The brisket, was between 4 and 5 lbs and from US Wellness Meats and I largely followed Against All Grain‘s recipe for the brine (and instructions on cooking), though I only left mine in the brine for 2 days. Mine was a combination of

  • salt
  • cinnamon
  • allspice
  • mustard seeds
  • cloves
  • black pepper
  • juniper berries
  • bay leaves
  • ground ginger

To make the actual corned beef and cabbage, I put the brined brisket in a large stock pot. I added 1 Quart of “Cabbage Broth” that I had frozen from last time I made corned beef, so you can use water, chicken broth, vegetable broth, or anything you have on hand.
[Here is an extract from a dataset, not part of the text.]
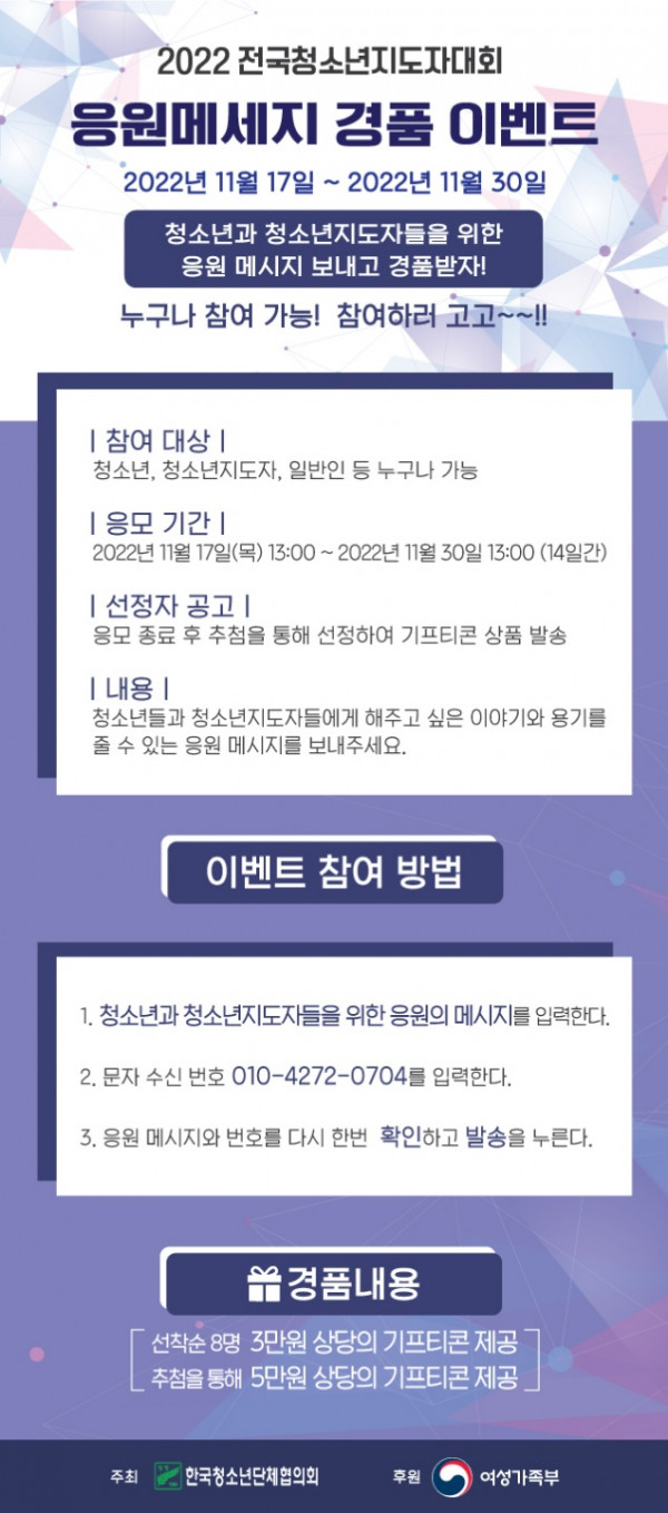 [2022 전국청소년지도자대회] 응원메세지 경품 이벤트 안내 페이지 정보 작성자 관리자 작성일2022.11.18 조회11,107회 댓글0건 본문 ※ 이벤트 내용/취지에 맞지 않는 문자는 경품 대상에서 제외될 수 있습니다. 댓글목록 등록된 댓글이 없습니다. 이전글 다음글 목록

I also added aboout 6-8 cups of water, enough to cover the brisket with about an inch. I added the same seasonings from above, excluding the salt and cloves. Then I covered, and brought to a boil. In the meantime, I peeled, chopped, and added 3 large carrots, 4-6 stalks of celery, 2 onions, and 5 cloves of garlic to the pot. Once it came to a boil, I lowered the heat and let it simmer 3 1/2 hours.

To finish, I cored and quartered a head of cabbage, and added it to the pot, as well as about 2 cups of extra water. I covered the pot and let it simmer about 45 minutes longer until the cabbage was soft and tender.